Geld

Der Crash an den Börsen in der vergangenen Woche erinnert wieder einmal daran, auf welch weichen Boden unser gesellschaftliches Zusammenleben gebaut ist: auf kollektive Wahnsysteme (wenn man es nüchtern und deswegen wohl auf den ersten Blick provokativ formuliert).
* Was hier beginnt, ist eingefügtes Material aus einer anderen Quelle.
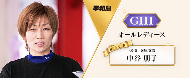 最終日はくもり。終盤にホーム向かい風が強まり、優勝戦は7メートルまで増した。スタートは③加藤がコンマ14のトップタイミング。②塩崎が同34で後手に回った。①中谷には苦しい隊形になりかけたが、コンマ18スタートから力強く伸び返し、1周1Mを丁寧に先マイ。③加藤のまくり差しを封じて的確に持たせた。③加藤が2着。最内を差した⑥角が、道中で④清水を退け、3着に入った。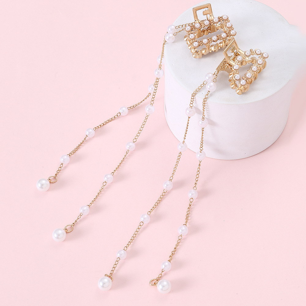 欧米の軽くて豪華で甘い気質のフリンジの真珠は金属の真珠の髪を挟みます。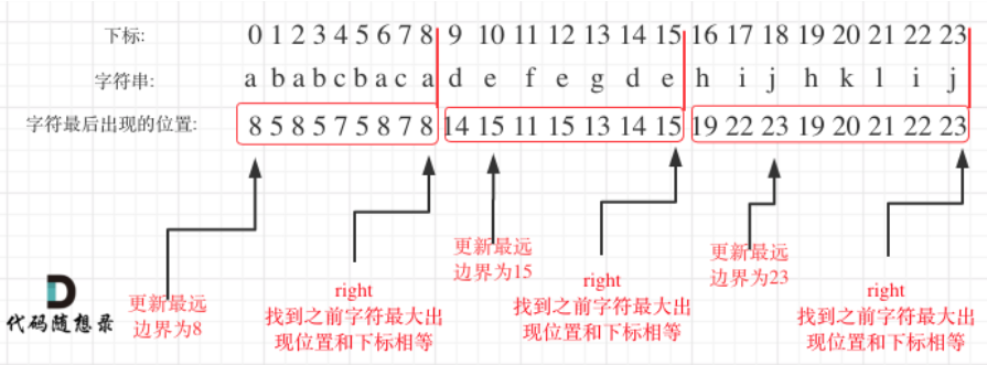 如果找到之前遍历过的所有字母的最远边界,说明这个边界就是分割点了。 此时前面出现过所有字母,最远也就到这个边界了。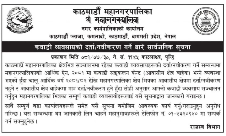 काठमाडौँ महानगरपालिकाले कवाडी व्यवसाय दर्ता/नवीकरणमा नयाँ नीति लागू गर्यो

Denn Geld irgendeinen Wert zuzuschreiben ist ja eine höchst ungewöhnliche und unwahrscheinliche Angelegenheit. Sie ist eigentlich nur zu erklären, wenn man die Analogie zur Zuschreibung von Sinn zu irgendwelchen Lauten (Worten, Sätzen etc.) betrachtet. Die haben noch weniger materiellen Gehalt oder Wert als das Papier, aus dem die Geldscheine bestehen. Ihre Bedeutung erhalten beide erst durch den Gebrauch, d.h. durch ihre erlebbare Funktion in der Kommunikation. Man möchte einen Apfel kaufen, bietet dem Besitzer dafür diese Scheine oder Münzen an, und er trennt sich tatsächlich, manchmal sogar freudig, von seinem Eigentum. Offenbar hat er die Suggestion, dass dieser Zettel mit den Zahlen drauf zu irgendetwas gut sein könnte und ihm daher mindestens soviel Wert zugeschrieben werden sollte wie dem Apfel, akzeptiert.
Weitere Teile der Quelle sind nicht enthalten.